Taiwan protested the changes, canceling 176 Lunar New Year flights between Taiwan and China operated by Chinese airlines in response. Taiwan also notified the airlines using the route of the dispute, leading to international airlines ceasing operations on the route, although the Chinese China Eastern Airlines and XiamenAir continued to use M503. Despite Taiwan's protests, the changes went ahead. As Taiwan is not a member of ICAO, it was unable to lodge a formal complaint regarding its concerns over interference with flights between the island of Taiwan and Kinmen and Matsu. The changes to the route were seen as a way to pressure Taiwan, shifting the status quo in the Taiwan Strait.

On 30 January 2024, the CAA announced that from 1 February, flights on M503 would no longer be shifted through what it called the "offset measure", meaning the route effectively moved east to the original route just 7 km from the median line.

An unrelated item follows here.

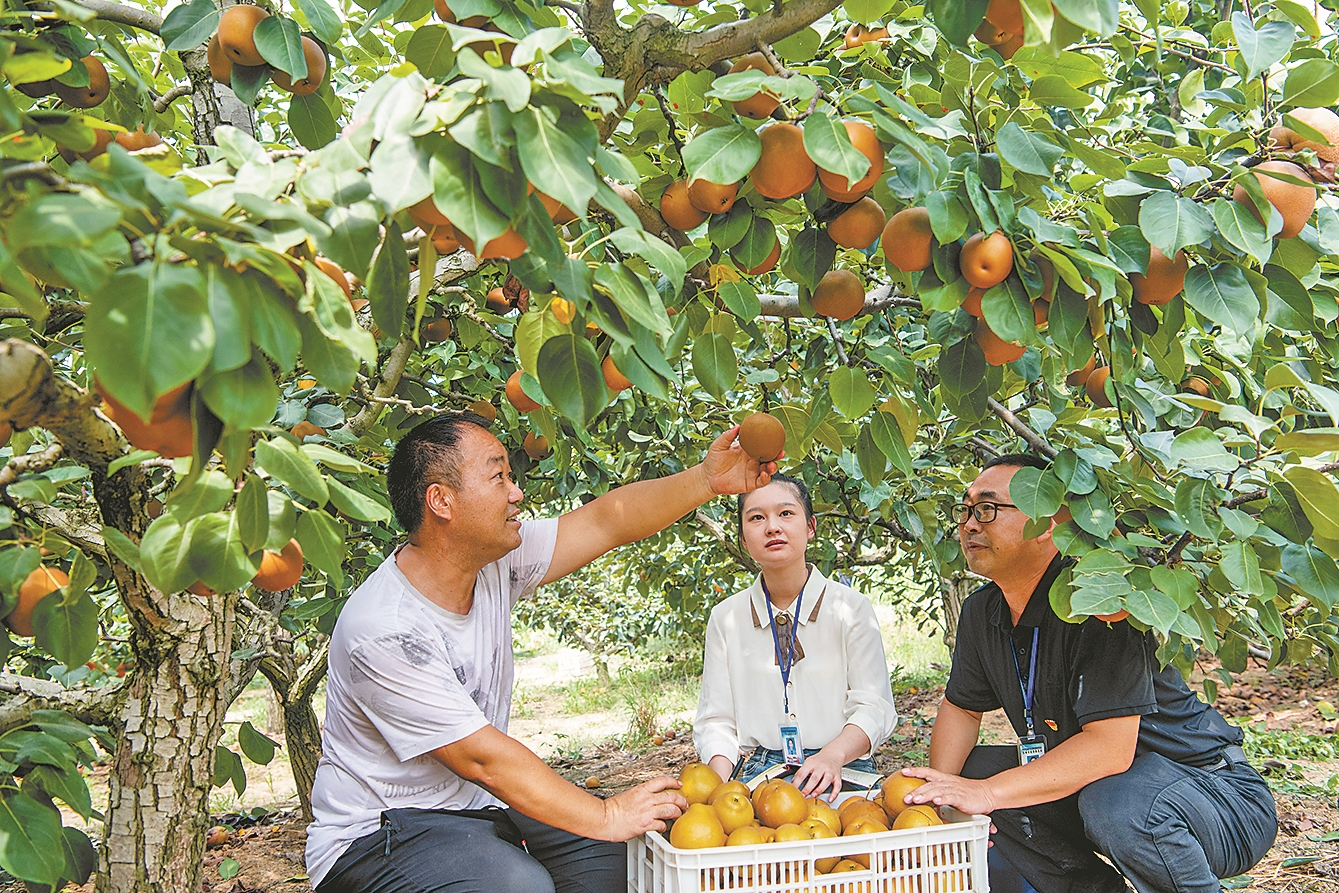 襄阳日报讯 8月26日,宜城市南营街道办事处纪检监察干部在三桥村黄花梨果园向农民了解情况。

It was also announced that flights would start flying east along W122 and W123. These changes were also made without discussion with Taiwan, and shortly followed the election of Taiwanese President Lai Ching-te. The start of the eastward flights was announced on 18 April, and began on 19 April. It was also announced that changes would be made on 16 May to the operation of W122 near the Fuzhou Changle International Airport, four days before the scheduled inauguration of Lai.